Brought up from childhood to reverence the rules of Greens Committees, she had
shuddered violently from head to foot. Recovering herself with a powerful
effort, she advanced and said ‘Shoo!’ The Peke rolled its eyes sideways,
inspected her, dismissed her as of no importance or entertainment value, and
resumed its fletcherizing. Agnes advanced another step, and the schoolmistress
for the second time broke her Trappist vows.

“You
can’t move that dog,” she said. “It’s a hazard.”

“Nonsense.”

“I beg
your pardon, it is. If you get into casual water, you don’t mop it up with a
brush and pail, do you? Certainly you don’t. You play out of it. Same thing
when you get into a casual dog.”

They
train these schoolmistresses to reason clearly. Agnes halted, baffled. Then her
eye fell on Captain Jack Fosdyke, and she saw the way out.

“There’s
nothing in the rules to prevent a spectator, meeting a dog on the course, from
picking it up and fondling it.”

It was
the schoolmistress’ turn to be baffled. She bit her lip in chagrined silence.

“Jack,
dear,” said Agnes, “pick up that dog and fondle it. And,” she added, for she
was a quick-thinking girl, “when doing so, hold its head over the hole.”

It was
a behest which one might have supposed that any knight, eager to win his lady’s
favour, would have leaped to fulfil. But Captain Jack Fosdyke did not leap.
There was a dubious look on his handsome face, and he scratched his chin
pensively.

“Just a
moment,” he said. “This is a thing you want to look at from every angle. Pekes
are awfully nippy, you know. They make sudden darts at your ankles.”

“Well,
you like a spice of danger.”

“Within
reason, dear lady, within reason.”

“You
once killed a lion with a sardine opener.”

“Ah,
but I first quelled him with the power of the human eye. The trouble with Pekes
is, they’re so short-sighted, they can’t see the human eye, so you can’t quell
them with it.”

“You
could if you put your face right down close.”

“If,”
said Captain Jack Fosdyke thoughtfully.

Agnes
gasped. Already this afternoon she had had occasion to stare at this man. She
now stared again.

“Are
you afraid of a dog?”

He gave
a light laugh.

“Afraid
of dogs? That would amuse the boys at Buckingham Palace, if they could hear it.
They know what a daredevil I was in the old days when I was Deputy Master of
the Royal Buck-hounds. I remember one morning coming down to the kennels with
my whistle and my bag of dog biscuits and finding one of the personnel in
rather an edgy mood. I spoke to it soothingly— ‘Fido, Fido, good boy, Fido!’—but
it merely bared its teeth and snarled, and I saw that it was about to spring.
There wasn’t a moment to lose.
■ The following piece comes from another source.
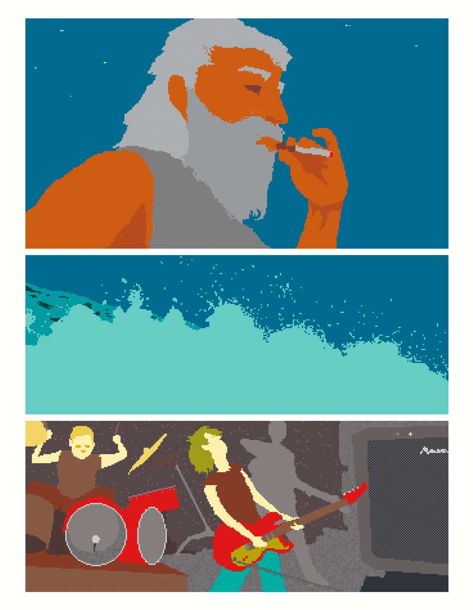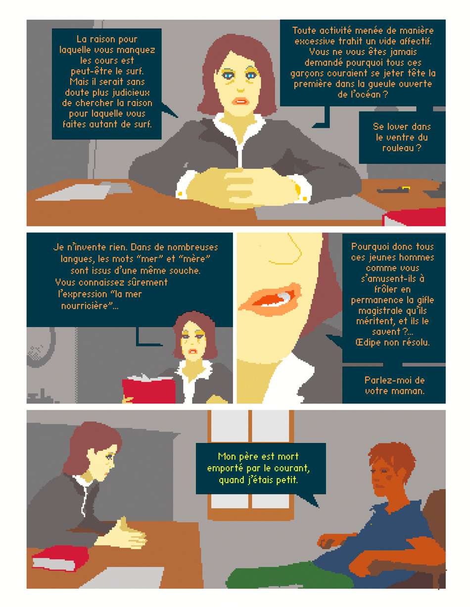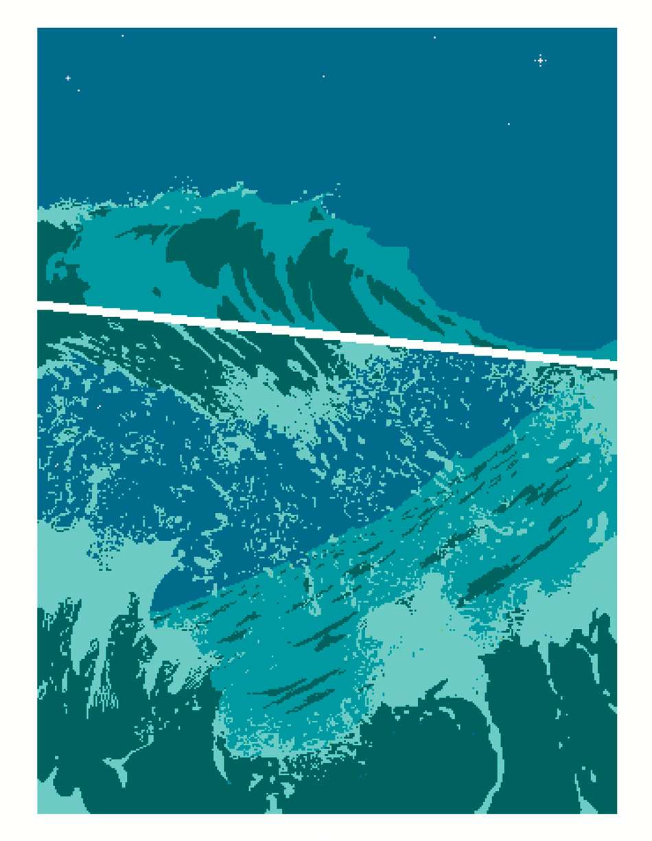 Jouant avec les codes du récit de surf et convoquant une esthétique rétro inspirée des jeux vidéos des années 1990, EMG réalise une œuvre surprenante, à la fois grave et légère, tenant autant du conte psychanalytique que de la série B.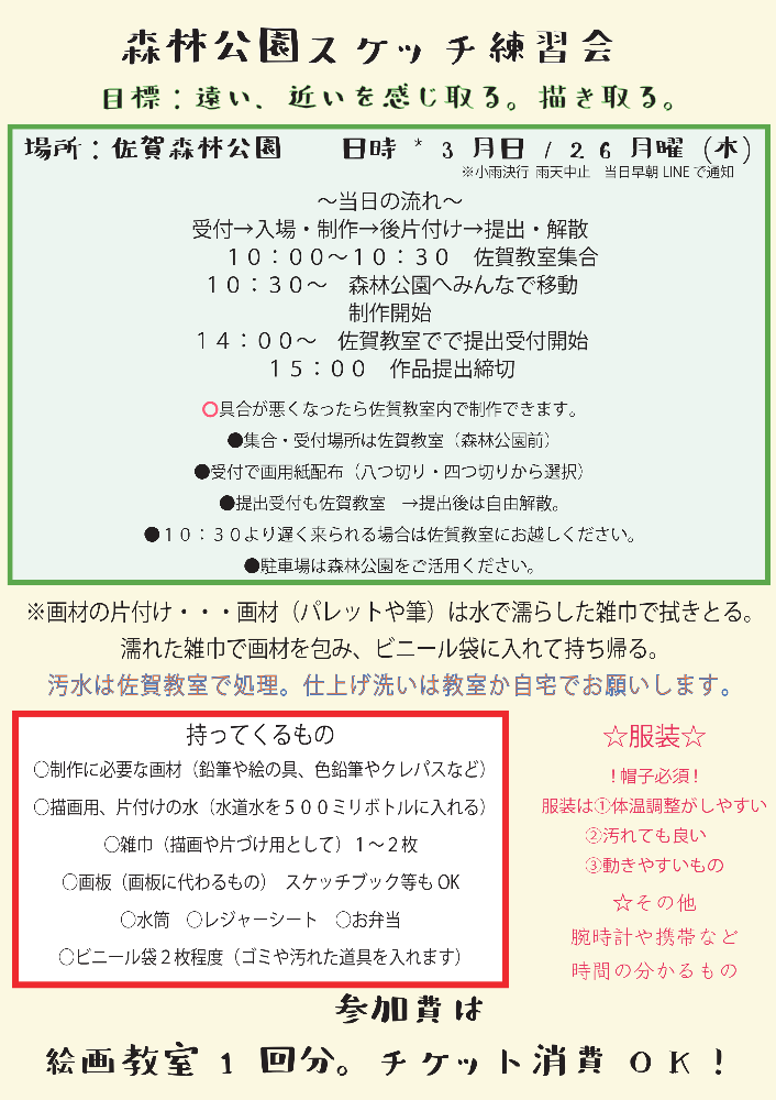 | 4回チケット 1ヶ月有効 | おとな ¥7500 美術部おとな ¥4000 中2〜高生 ¥7000 美術部中2〜高校生 ¥3500 小4〜中1 ¥6000 美術部小4〜中1 ¥3000 年中〜小3 ¥5000 全ての開講場所、開講日、開講時間をご利用いただけます。 お支払い日から1ヶ月間有効。 1回あたり概ね2時間程度とします。 |

By a bit of luck the Bluemantle Pursuivant at
Arms had happened to leave his blue mantle hanging over the back of a chair. I
snatched it up and flung it over the animal’s head, after which it was a simple
task to secure it with stout cords and put on its muzzle. There was a good deal
of comment on my adroitness. Lord Slythe and Sayle, who was present, I
remember, said to Lord Knubble of Knopp, who was also present, that he hadn’t
seen anything so resourceful since the day when the Chancellor of the Duchy of
Lancaster rang in a bad half-crown on the First Gold Stick in Waiting.”

It was
the sort of story which in happier days had held Agnes Flack enthralled, but
now it merely added to her depression and disillusionment. She made a last
appeal to his better feelings.

“But,
Jack, if you don’t shift this beastly little object, I shall lose the match.”

“Well,
what does that matter, dear child? A mere tiddly seaside competition.”

Agnes
had heard enough. Her eyes were stony.

“You
refuse? Then our engagement is at an end.”

“Oh,
don’t say that.”

“I do
say that.”

It was
plain that a struggle was proceeding in Captain Jack Fosdyke’s soul, or what
one may loosely call his soul. He was thinking how rich Josiah Flack was, how
fond of his niece, and how frail. On the other hand, the Peke, now suspecting a
plot against its well-being, had bared a small but serviceable tooth at the
corner of its mouth. The whole situation was very difficult.